In the media's rush to draw conclusions from the mass wedding at the Vatican last Sunday, where some of the couples being wed had been cohabiting, one point seems to have been overlooked by nearly everyone: Pope Francis's choice of date for the nuptials.

On the Catholic calendar, the church is currently in the midst of what is called ordinary time. During all of this July, August, and September, there is only one Sunday in which a feast takes precedence over the normal Sunday liturgy.

Pope Francis had his pick of Sundays to preside over the mass wedding, and he chose that very Sunday. It would seem, then, that he wished that the couples would, from then on, remember that feast every year as the one upon which they were married. There is something about the nature of that feast that Pope Francis wanted the couples to associate with their vows.

What feast was it? The Feast of the Exaltation of the Holy Cross.

I believe the pope's choice of date is significant. Currently the media is abuzz with speculation concerning the upcoming Extraordinary Synod of Bishops, particularly with regard to a push among certain cardinals to permit Holy Communion for civilly divorced-and-remarried Catholics. Much of the debate concerns the question of how much the Church should expect members of the faithful to sacrifice. This was also an issue at the time of the contraception debate during the 1960s. At that time, those favoring relaxation of doctrine argued that it was simply too difficult for Catholic couples to follow the Church's ban on artificial methods of birth control. Pope Paul VI responded with Humanae Vitae, in which he quoted Jesus' words in Matthew 7:14: "the gate is narrow and the way is hard, that leads to life."

Perhaps Francis is indicating a similar attitude to that of Paul VI by officiating at the mass wedding on the feast marking Jesus' self-sacrificial outpouring, and by making the Cross the center of his homily.

Those reporting on the nuptials almost completely ignored the pope's homily. The Washington Post included only a small mention of it near the end of its story, and then only in relation to the synod:

Bishops from all over the world are scheduled to come to the Vatican next month for a major meeting on the family, which the Jesuit pope referred to in the homily to Sunday’s Mass as the “bricks” on which society is built.

The Associated Press did likewise, though they put the quote farther up:

Francis in his homily likened families to the "bricks that build society."

It is as though the media simply took the most innocuous quote they could find and stuck it into the story. What Francis actually did was talk about the reality of sin in spouses' lives, and the need for God's mercy. An excerpt (click here to read the entire homily):

[Out] of love the Father “has given” his only begotten Son so that men and women might have eternal life (cf. Jn 3:13-17). Such immense love of the Father spurs the Son to become man, to become a servant and to die for us upon a cross. Out of such love, the Father raises up his son, giving him dominion over the entire universe. This is expressed by Saint Paul in his hymn in the Letter to the Philippians (cf. 2:6-11). Whoever entrusts himself to Jesus crucified receives the mercy of God and finds healing from the deadly poison of sin.

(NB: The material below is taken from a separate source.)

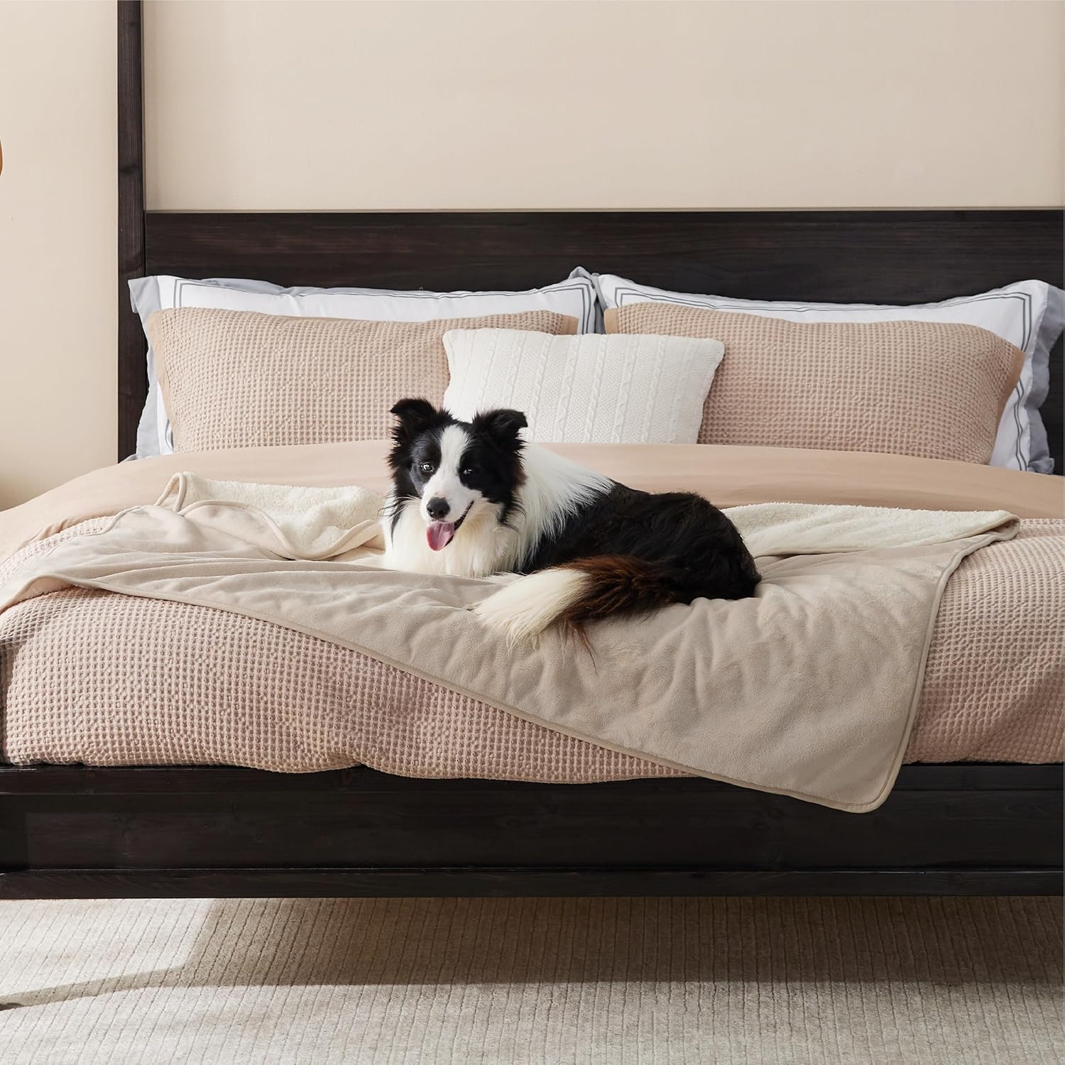 Водоустойчиво одеяло за кучета Lesure за големи кучета, одеяло за кучета за навън, одеяло за кучета, което може да се пере, защита за дивана, одеяло за котки от шерпа полар, пухкаво и меко, 152 x 127 см, кремав цвят

The cure which God offers the people applies also, in a particular way, to spouses who “have become impatient on the way” [Num 21:4] and who succumb to the dangerous temptation of discouragement, infidelity, weakness, abandonment … To them too, God the Father gives his Son Jesus, not to condemn them, but to save them: if they entrust themselves to him, he will bring them healing by the merciful love which pours forth from the Cross, with the strength of his grace that renews and sets married couples and families once again on the right path.

Yes, I realize Francis is speaking about mercy and healing, the very kinds of things the media's "inclusive" pope would speak about. But he is also speaking about sin, sacrifice and the interior co-crucifixion with Christ that Catholic faith recognizes as a requirement for redemption (see Gal 2:20).

Someone in the mainstream press should have noticed that. No one did.